Result: The update gate $z=0.622$ blends 62% new information with 38% old state. The reset gate $r=0.587$ partially "resets" the old hidden state before computing the candidate, allowing the GRU to selectively forget. The hidden state moved from 0.5 to 0.560, incorporating the new input.

LSTM vs GRU

Feature	LSTM	GRU
Gates	3 (forget, input, output)	2 (reset, update)
States	2 (hidden + cell)	1 (hidden)
Parameters	More (~4x hidden)	Fewer (~3x hidden)
Performance	Slightly better on long sequences	Comparable, faster to train
When to use	Default for sequences	When speed matters

Bidirectional RNNs

Process the sequence in both directions, capturing both past and future context:

$$\overrightarrow{h_t}=\text{RNN}(\overrightarrow{h_{t-1}},x_t)\text{(forward)}$$$$\overleftarrow{h_t}=\text{RNN}(\overleftarrow{h_{t+1}},x_t)\text{(backward)}$$$$h_t=[\overrightarrow{h_t};\overleftarrow{h_t}]\text{(concatenation)}$$

# PyTorch bidirectional LSTM
lstm = nn.LSTM(
    input_size=300,
    hidden_size=256,
    num_layers=2,
    batch_first=True,
    bidirectional=True,
    dropout=0.3,
)
# Output shape: (batch, seq_len, 2 * hidden_size)
# h_n shape: (2 * num_layers, batch, hidden_size)

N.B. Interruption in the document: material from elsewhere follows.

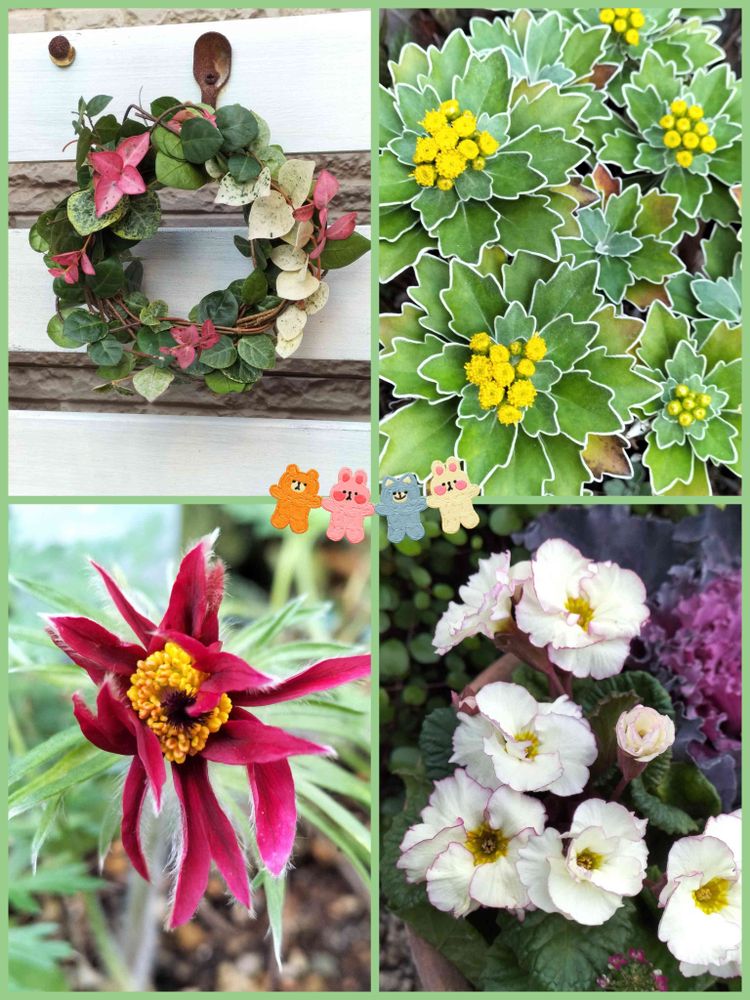イソギク、まるでフェイクのように見えましたよ❣️なんですか、そのかわいい葉っぱ😍😍😍ホワイトの縁取りや形がキュートでいいですね😚覚えておきます、イソギク😊ハツユキカズラのリースもめちゃかわです💕
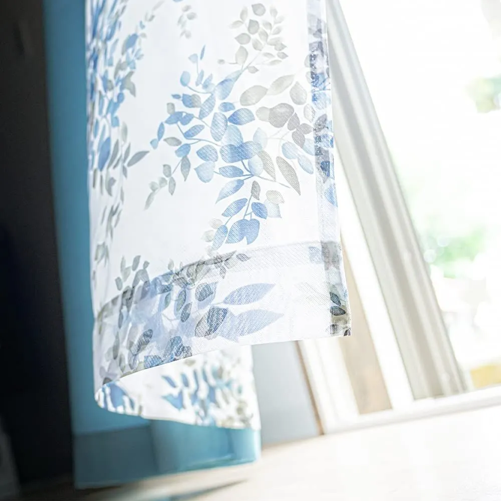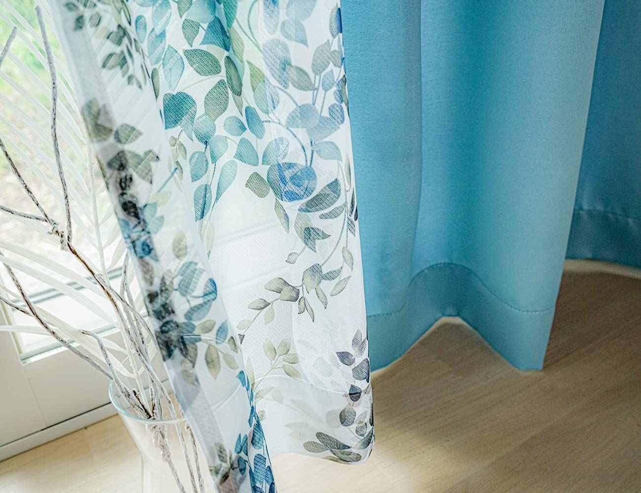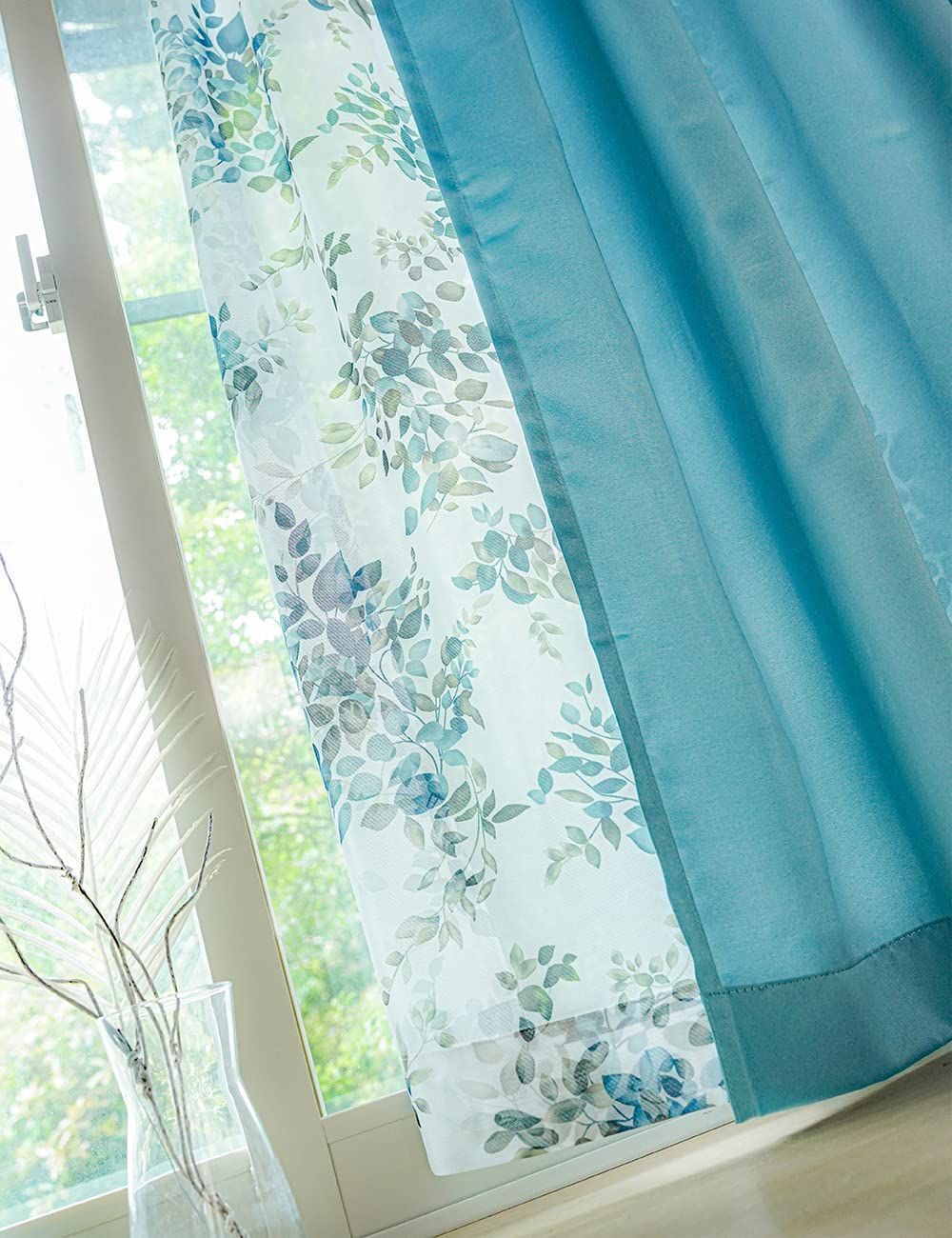 遮光カーテン 2枚 + 花柄 デザイン レース 2枚 + カーテンフック取り付け済み + カーテンタッセル ブルー 幅100×丈105(103)cm 4枚セット 4枚組 カーテンセット

Application 1: IMDB Sentiment Analysis

import torch
import torch.nn as nn
from torchtext.datasets import IMDB
from torchtext.data.utils import get_tokenizer
from torchtext.vocab import build_vocab_from_iterator
from torch.utils.data import DataLoader
from torch.nn.utils.rnn import pad_sequence

# ── Data Preparation ─────────────────────────────────────────────────
tokenizer = get_tokenizer('basic_english')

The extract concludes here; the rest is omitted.